Start of DATASET RECORDS

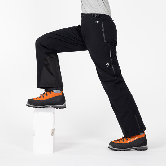 バックカントリースキーやスノーボードに適したモデルです。屈曲性に優れた立体裁断を施し、ややゆったりとしたシルエットに仕上げています。エッジガードは大きめ。裾幅はスキーブーツに対応する「ワイドタイプ」です。
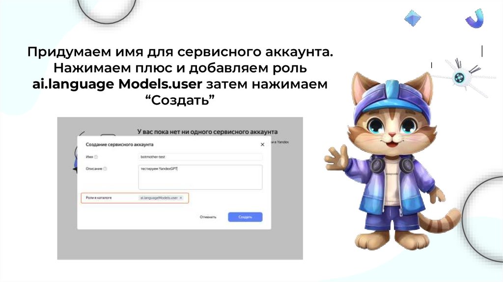 Придумаем имя для сервисного аккаунта.Нажимаем плюс и добавляем роль
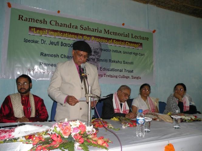 Ramesh Chandra Saharia Education Trust organised a lecture titled “Legal implications in the process of social change” recently at Ramesh Chandra Saharia Teachers Training College,Tangla on February 8.It was a part of a series of lectures organised each year in memory of late RC Saharia,former Home Minister of Assam,who also served as the headmaster of Tangla High School prior to 19972. Mridula Saharia,wife of late RC Saharia and former chairperson of state Woman Commission delivered the opening speech before offering floral tribute to the image of late Saharia. Thaneswar Malakar,noted writer and DC,Udalguri district inaugurated the memorial lecture. On the occasion he thanked RC Saharia Education Trust for organising the lecture series in a classic manner to keep alive memory of late RC Saharia.With special reference to legal awareness programme,Malakar said that knowledge about must be made available to common people. Noted literate and educationalist Bhadra Bora in his speech as the chairperson, remarked that smell of flowers spread at the direction of wind where as good works of a man spread to all directions. The programme was also addressed by Kamali Basumatari,MLA,Paneri LAC;Dr.Jeuti Barooah,Director Law Research Institute,Guwahati High Court and Md.Unus,Commissioner cum Secretary,Health etc Assam.
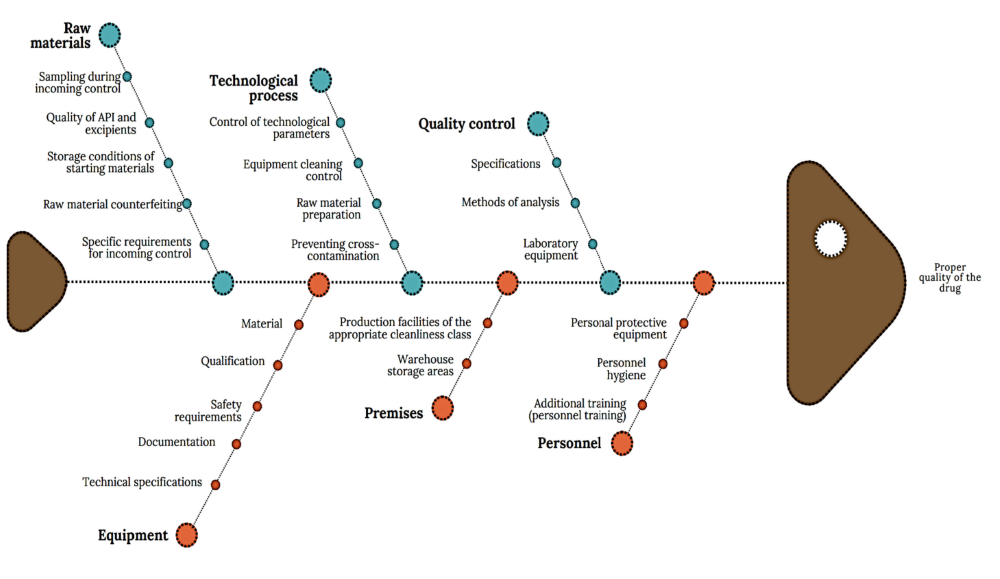 The Ishikawa diagram is an effective analytical tool for ensuring the quality of medicinal products. The main purpose of this method is to systematically identify and classify probable problems or causes of their occurrence in the production process. The use of the method is due to the complexity of the production of pharmaceutical products, when a combination of factors, such as the quality of incoming raw materials, equipment, technological methods, personnel, premises, etc., that can affect the quality of products both directly and indirectly.
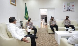 Securitynews.co.id, SEKAYU- Bupati Musi Banyuasin Dr H Dodi Reza Alex Noerdin menyambut kunjungan Kepala Sekolah Polisi Negara (SPN) Betung Polda Sumatera Selatan ke Bumi Serasan Sekate, di Ruang Audiensi Bupati Muba, Kamis (14/1/2021).

End of DATASET RECORDS

- PROBLEM REQUIREMENTS -
Print exactly the lines running from the start of the entries above to the line with "Придумаем имя для", both included; leave out any pictures.

- OUTPUT OF THE TASK -
 バックカントリースキーやスノーボードに適したモデルです。屈曲性に優れた立体裁断を施し、ややゆったりとしたシルエットに仕上げています。エッジガードは大きめ。裾幅はスキーブーツに対応する「ワイドタイプ」です。
 Придумаем имя для сервисного аккаунта.Нажимаем плюс и добавляем роль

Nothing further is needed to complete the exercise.